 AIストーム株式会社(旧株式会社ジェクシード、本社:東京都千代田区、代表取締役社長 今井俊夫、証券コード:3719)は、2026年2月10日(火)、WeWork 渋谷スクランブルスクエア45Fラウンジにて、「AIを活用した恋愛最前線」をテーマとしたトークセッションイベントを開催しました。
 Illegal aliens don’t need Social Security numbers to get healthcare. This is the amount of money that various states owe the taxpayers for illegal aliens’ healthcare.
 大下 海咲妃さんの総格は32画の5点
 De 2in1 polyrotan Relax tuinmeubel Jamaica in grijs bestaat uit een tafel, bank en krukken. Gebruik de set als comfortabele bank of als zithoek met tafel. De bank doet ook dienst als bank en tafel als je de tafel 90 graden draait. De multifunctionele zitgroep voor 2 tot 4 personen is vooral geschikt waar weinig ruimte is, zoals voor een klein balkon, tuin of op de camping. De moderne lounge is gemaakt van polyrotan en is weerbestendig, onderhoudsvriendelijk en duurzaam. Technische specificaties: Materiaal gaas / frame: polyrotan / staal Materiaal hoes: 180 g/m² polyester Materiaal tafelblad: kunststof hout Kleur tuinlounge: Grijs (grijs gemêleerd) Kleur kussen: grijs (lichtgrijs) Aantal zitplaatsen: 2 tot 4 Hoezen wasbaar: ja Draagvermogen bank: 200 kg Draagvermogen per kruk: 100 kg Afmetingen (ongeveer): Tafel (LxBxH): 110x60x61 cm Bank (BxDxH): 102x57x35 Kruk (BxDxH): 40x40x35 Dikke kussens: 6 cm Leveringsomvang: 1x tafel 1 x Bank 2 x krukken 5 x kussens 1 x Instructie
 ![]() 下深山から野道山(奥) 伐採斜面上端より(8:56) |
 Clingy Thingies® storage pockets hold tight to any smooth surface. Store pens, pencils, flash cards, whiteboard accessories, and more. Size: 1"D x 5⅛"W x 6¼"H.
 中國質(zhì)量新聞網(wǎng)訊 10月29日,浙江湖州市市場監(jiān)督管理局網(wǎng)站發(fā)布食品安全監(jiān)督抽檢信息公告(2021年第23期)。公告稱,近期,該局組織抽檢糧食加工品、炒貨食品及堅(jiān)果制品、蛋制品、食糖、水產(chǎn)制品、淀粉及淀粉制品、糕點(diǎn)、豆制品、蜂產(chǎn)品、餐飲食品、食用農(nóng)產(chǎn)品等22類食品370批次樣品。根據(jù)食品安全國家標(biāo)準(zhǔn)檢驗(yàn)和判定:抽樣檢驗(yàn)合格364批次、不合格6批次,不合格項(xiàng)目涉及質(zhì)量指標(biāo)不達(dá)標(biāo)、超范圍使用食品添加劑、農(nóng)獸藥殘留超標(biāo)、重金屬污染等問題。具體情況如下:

****************************************

● **Exercise description**
Everything from the first line of the listing above through the line holding "大下 海咲妃さんの総格は32画の5点" must be retyped exactly; nothing else belongs in the reply.

● **Exercise result**
 AIストーム株式会社(旧株式会社ジェクシード、本社:東京都千代田区、代表取締役社長 今井俊夫、証券コード:3719)は、2026年2月10日(火)、WeWork 渋谷スクランブルスクエア45Fラウンジにて、「AIを活用した恋愛最前線」をテーマとしたトークセッションイベントを開催しました。
 Illegal aliens don’t need Social Security numbers to get healthcare. This is the amount of money that various states owe the taxpayers for illegal aliens’ healthcare.
 大下 海咲妃さんの総格は32画の5点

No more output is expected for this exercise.